Information provided Block Start

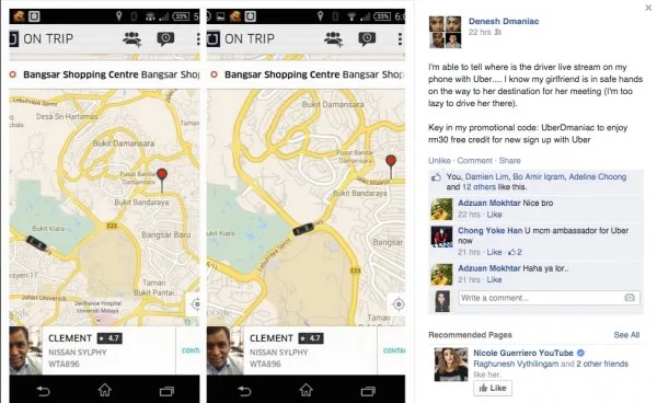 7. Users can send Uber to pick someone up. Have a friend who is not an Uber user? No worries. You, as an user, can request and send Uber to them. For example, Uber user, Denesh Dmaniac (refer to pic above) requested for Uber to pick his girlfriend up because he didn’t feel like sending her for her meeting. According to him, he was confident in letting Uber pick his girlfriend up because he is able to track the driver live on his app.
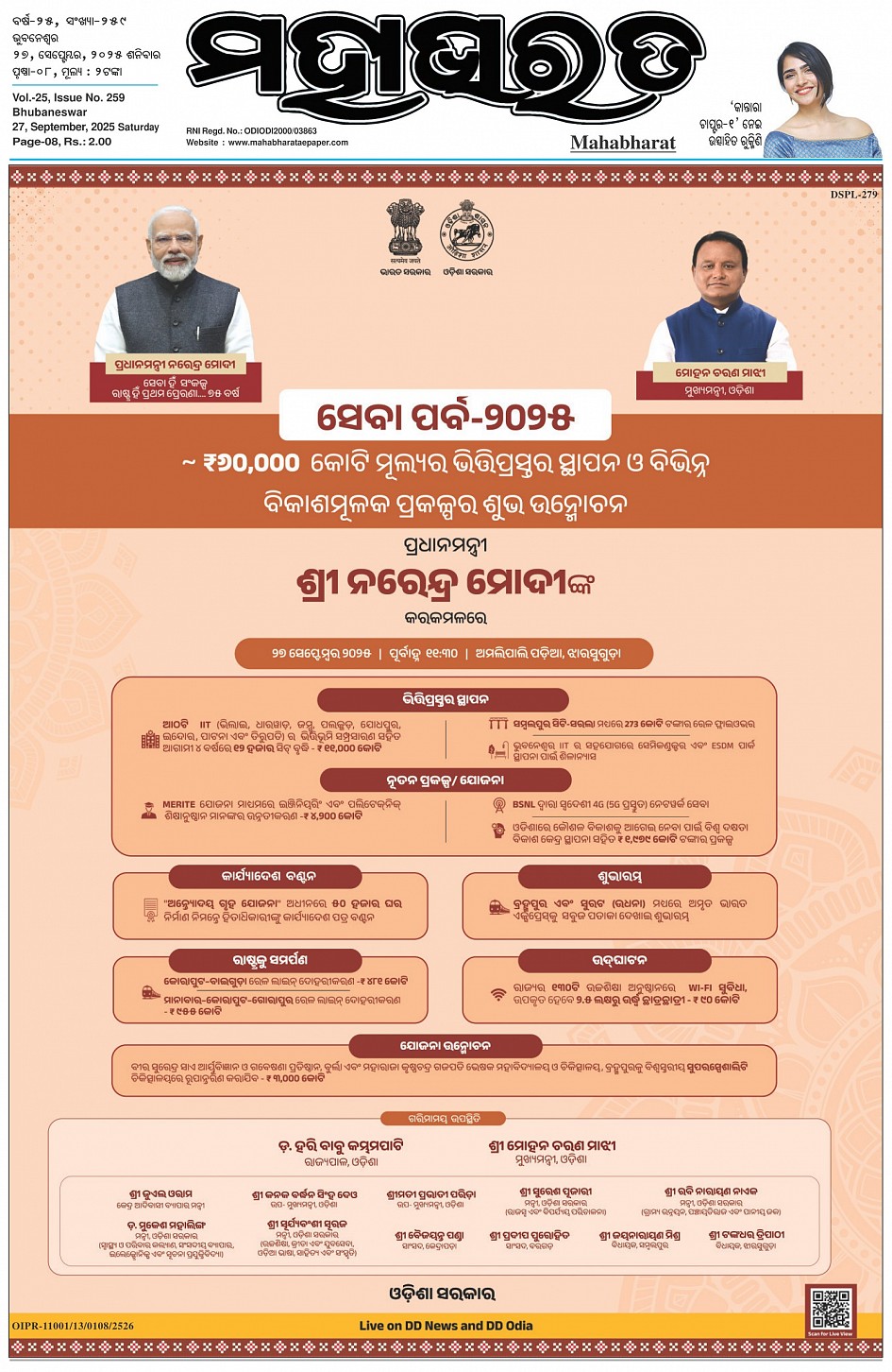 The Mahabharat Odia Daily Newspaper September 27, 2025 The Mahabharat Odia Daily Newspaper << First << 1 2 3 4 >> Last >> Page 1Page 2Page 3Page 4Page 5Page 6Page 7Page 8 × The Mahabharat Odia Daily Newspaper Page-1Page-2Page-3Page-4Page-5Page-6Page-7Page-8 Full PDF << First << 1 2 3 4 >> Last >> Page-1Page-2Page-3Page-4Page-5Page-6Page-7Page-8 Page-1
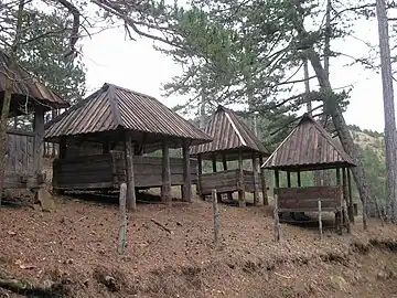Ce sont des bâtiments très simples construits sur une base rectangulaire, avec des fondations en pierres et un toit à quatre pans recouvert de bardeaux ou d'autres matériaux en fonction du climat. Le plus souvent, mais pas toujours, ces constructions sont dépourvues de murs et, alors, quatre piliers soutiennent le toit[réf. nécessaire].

Information provided Block End

* _The task_
Each line of the data should be printed again exactly. Please leave pictures out.

* _Output for this exercise_
 7. Users can send Uber to pick someone up. Have a friend who is not an Uber user? No worries. You, as an user, can request and send Uber to them. For example, Uber user, Denesh Dmaniac (refer to pic above) requested for Uber to pick his girlfriend up because he didn’t feel like sending her for her meeting. According to him, he was confident in letting Uber pick his girlfriend up because he is able to track the driver live on his app.
 The Mahabharat Odia Daily Newspaper September 27, 2025 The Mahabharat Odia Daily Newspaper << First << 1 2 3 4 >> Last >> Page 1Page 2Page 3Page 4Page 5Page 6Page 7Page 8 × The Mahabharat Odia Daily Newspaper Page-1Page-2Page-3Page-4Page-5Page-6Page-7Page-8 Full PDF << First << 1 2 3 4 >> Last >> Page-1Page-2Page-3Page-4Page-5Page-6Page-7Page-8 Page-1
Ce sont des bâtiments très simples construits sur une base rectangulaire, avec des fondations en pierres et un toit à quatre pans recouvert de bardeaux ou d'autres matériaux en fonction du climat. Le plus souvent, mais pas toujours, ces constructions sont dépourvues de murs et, alors, quatre piliers soutiennent le toit[réf. nécessaire].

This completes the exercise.